23 signal contacts 45A and 23 signal contacts 45B are formed by molding a sheet of a copper alloy (e.g. phosphor bronze, beryllium copper, titanium copper) or a corson copper alloy having spring elasticity by progressive dies (stamping) in the illustrated shape. The surfaces of the signal contacts 45A and 45B are nickel plated to form a base and then gold plated, and each of the signal contacts 45A and 45B has conductivity. As illustrated, each of the signal contacts 45A and 45B includes: a tail piece 46 extending in the up-down direction; a fixed piece 47 extending upward from the upper end of the tail piece 46; a connection portion 48 extending frontward from the vicinity of the upper end of the fixed piece 47; and a sandwiching portion 49 substantially U-shaped in a side view and extending frontward from the front end of the connection portion 48. As illustrated in FIG. 10, etc., the back end surface of the tail piece 46 is formed by an inclined end surface 46a inclined relative to the up-down direction. The sandwiching portion 49 includes: a stabilizer 50 constituting the upper part of the sandwiching portion 49 and extending frontward substantially linearly; and an elastic deformation piece 51 extending downward from the front end of the connection portion 48 and then extending frontward. An upward contact projection 52 is formed at the front end of the elastic deformation piece 51. A downward abutting projection 50a is formed at the end of the stabilizer 50. As illustrated in FIGS. 3, 5, 10, 11, etc., the signal contacts 45A and 45B are the same in the shape of each of the tail piece 46, fixed piece 47, and connection portion 48, but different in the shape of the sandwiching portion 49. In detail, the front-back length of each of the stabilizer 50 and elastic deformation piece 51 is longer in the signal contact 45B than the signal contact 45A.
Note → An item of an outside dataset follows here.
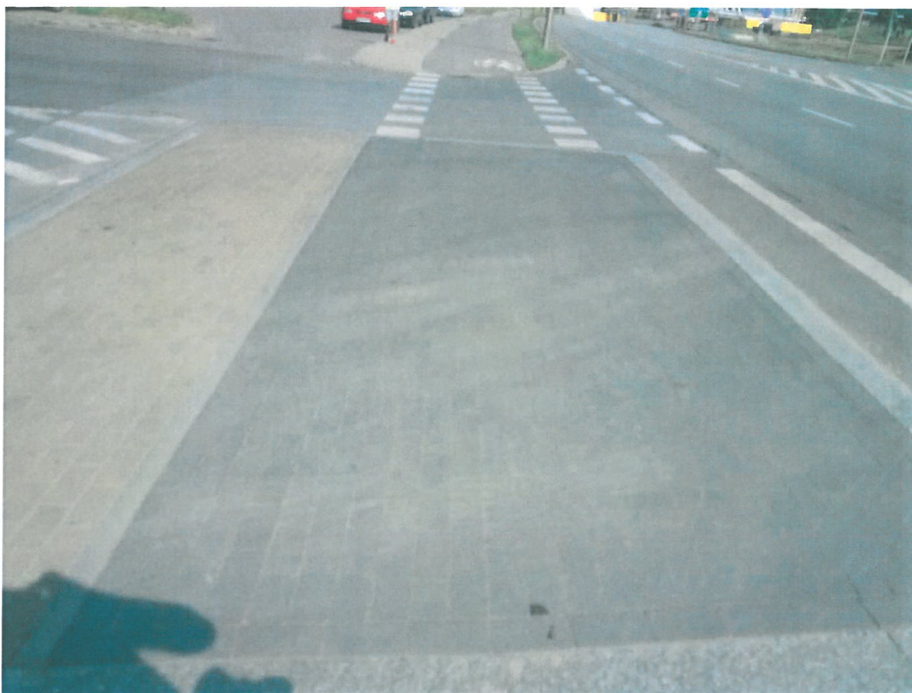
Wyspa na al. Wyzwolenia

The signal contacts 45A and 45B are inserted in the respective signal contact insertion grooves 22 of the insulator 20 from their back end openings, in a state where the signal contacts 45A and 45B are arranged alternately in the right-left direction. The fixed piece 47 of each of the signal contacts 45A and 45B is pressed in the back of the signal contact insertion groove 22. Since a locking projection 47a formed in the lower surface of the fixed piece 47 digs into the inner surface of the insulator 20, the fixed piece 47 is fixed to the back of the signal contact insertion groove 22. As illustrated in FIG. 10, etc., the back end (inclined end surface 46a) of the tail piece 46 slightly projects backward from the back end surface of the insulator 20, and the lower end of the tail piece 46 slightly projects downward from the lower surface of the insulator 20. The stabilizer 50 of each of the signal contacts 45A and 45B is inserted in the upper signal contact insertion groove 22, with its lower surface (abutting projection 50a) being slightly separate from the upper surface of the front ceiling wall 24. The elastic deformation piece 51 of each of the signal contacts 45A and 45B is inserted in the lower signal contact insertion groove 22 (the signal contact insertion groove 22 formed in the bottom surface of the FPC insertion groove 21). The elastic deformation piece 51 of each of the signal contacts 45A and 45B is elastically deformable in the up-down direction in the corresponding lower signal contact insertion groove 22, and the contact projection 52 projects into the FPC insertion groove 21 when the elastic deformation piece 51 is in a free state (see FIG. 10, etc.).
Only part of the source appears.